The Lease Code also provides that “an authorised guarantee agreement should not be required as a condition of the assignment unless at the date of the assignment:
The above wording is generally ignored in modern commercial leases.
The majority of new business leases contain many specific conditions that must be complied with including:
This is one of the worst provisions to be imposed as, if the current tenant is a very strong covenant, it may enable the landlord to reject a satisfactory tenant whose only issue is that he is of weaker covenant strength than the current tenant;
Where leases automatically impose the above-mentioned conditions, no consideration is given as to whether or not these conditions are reasonable. The obligation to be reasonable was imposed on landlords by the Landlord and Tenant Act 1927 but relaxed as a result of the provisions in the Landlord and Tenant (Covenants) Act 1995.
It may well be that it is reasonable for the assignee to provide a guarantor or for consent to assignment to be refused if the assignee is not of sufficient financial standing to enable it to comply with the tenant’s covenants or conditions. However, a tenant should argue very strongly against the inclusion of a provision automatically entitling the landlord to refuse consent where in the reasonable opinion of the landlord the value or marketability of the landlord’s reversionary interest would be diminished. It is not appropriate for a landlord to take this into account when granting consent to an assignment. Its only concern should be that the assignee is of adequate financial standing to enable it to comply with the tenant’s covenants, including payment of the rent and any other monies due.
As set out above, the Lease Code provides that authorised guarantee agreements (AGAs) should not be required save in specific circumstances. However, as most commercial tenants will be aware, new commercial leases almost always require an AGA on completion of an assignment. It is always worth pressing for a provision that an AGA will only be required where reasonable.
It is not unusual for landlords to require that any rent is paid up before consent for an assignment is given but a reference to refusal of consent because there is a material breach of covenant leaves open the question of what is a “material breach of covenant”. Such wording should always be rejected if possible. If there is a specific breach that the landlord required to be rectified, this may be treated as a reasonable ground for refusing consent but very open wording is not helpful.
The Lease Code also provides that subleases to be excluded from the renewal provisions of the Landlord and Tenant Act 1954 should not have to be on the same terms as the tenant’s lease.
Modern leases generally, but not always, confirm that any subletting should be at the then current market rent.
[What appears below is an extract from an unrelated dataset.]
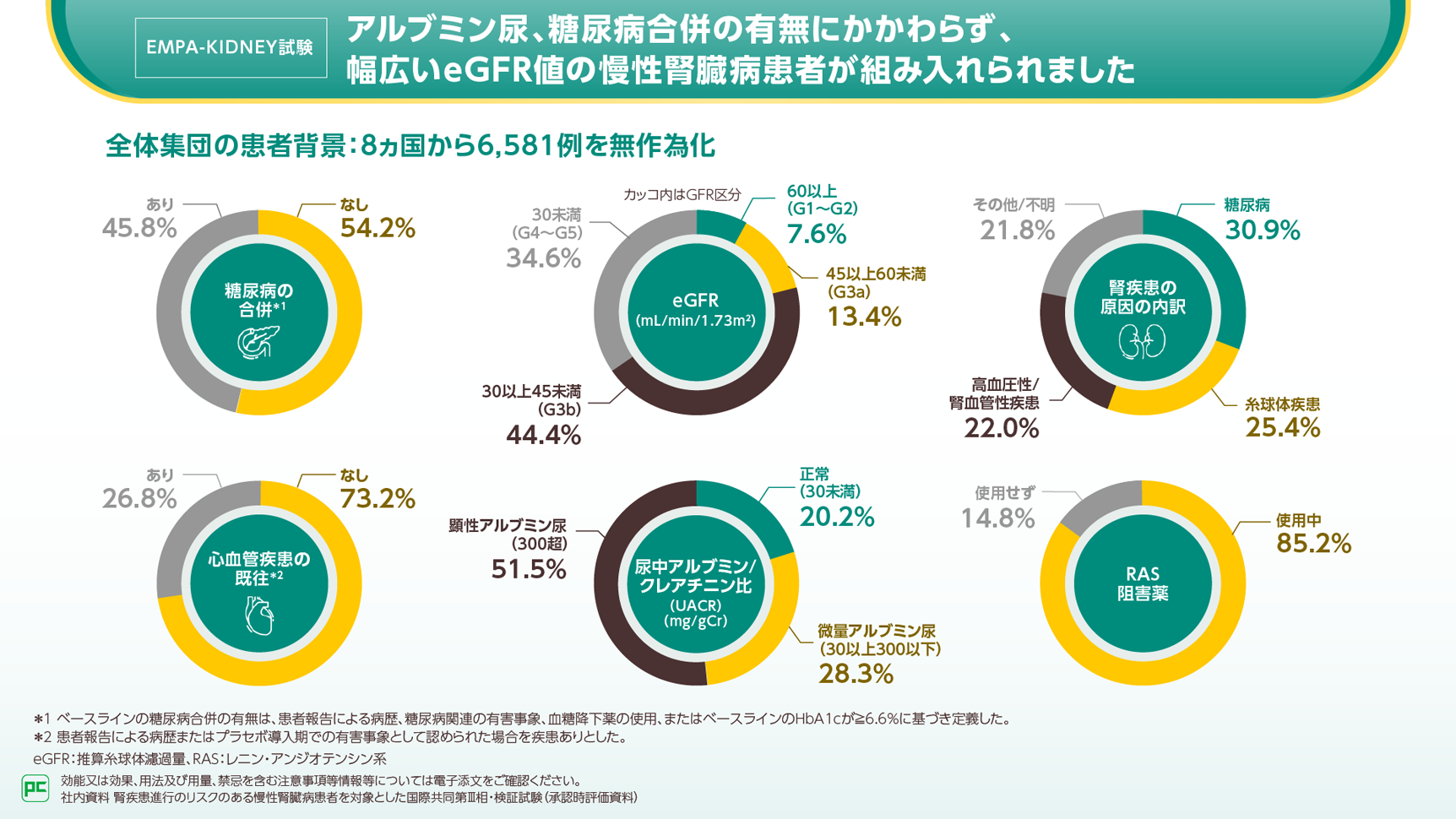 また、本試験の患者背景はご覧のとおりであり、アルブミン尿、糖尿病合併の有無にかかわらず、幅広いeGFR値のCKD患者が組み入れられました。

Wording providing that a sublease must be at the greater of the market rent and the passing rent must be avoided at all costs as such wording will result in the tenant being unable to sublet if there is a collapse in rents in the commercial property market.
Notwithstanding the wording in the Lease Code, it is unusual for leases not to provide that subleases must be on the same terms as the tenant’s lease insofar as they relate to the premises demised. It is worth mentioning the provisions of the Lease Code to the landlord if there are specific differences to the headlease that the tenant and the subtenant want to include in the terms of a sublease.